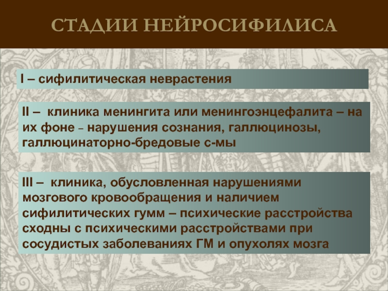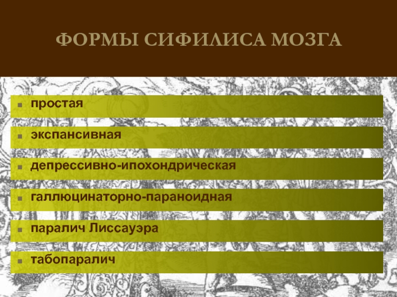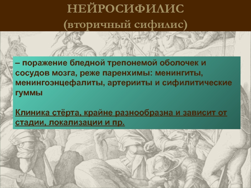 – поражение бледной трепонемой вещества головного мозга (диффузный менингоэнцефалит )
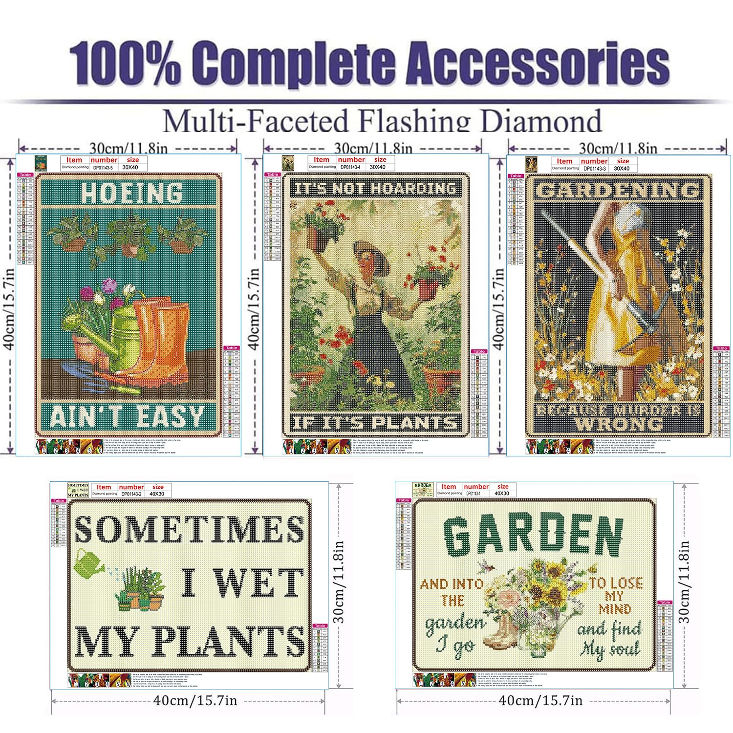 5 Pack of Diamond Art Kits for Adults,Funny Garden sign Diamond Painting kit Diamond Art Paintings Kit for Beginner Diamond Painting Kits for adults DIY Gem Art and Crafts for Home Wall Decor 12x16 in
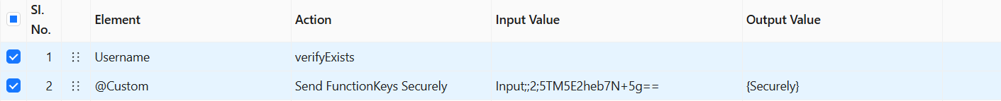 This is a pre-built Action located under the **Custom element.**&#x54;he functionality of this action in Avo Assure to accept an encrypted text and send the individual keystrokes to the textbox specified in the input value, and save the result in dynamic variable.

* About this task: Exclude every picture, then reproduce the remaining data character for character.

* Response:
 – поражение бледной трепонемой вещества головного мозга (диффузный менингоэнцефалит )
 5 Pack of Diamond Art Kits for Adults,Funny Garden sign Diamond Painting kit Diamond Art Paintings Kit for Beginner Diamond Painting Kits for adults DIY Gem Art and Crafts for Home Wall Decor 12x16 in
 This is a pre-built Action located under the **Custom element.**&#x54;he functionality of this action in Avo Assure to accept an encrypted text and send the individual keystrokes to the textbox specified in the input value, and save the result in dynamic variable.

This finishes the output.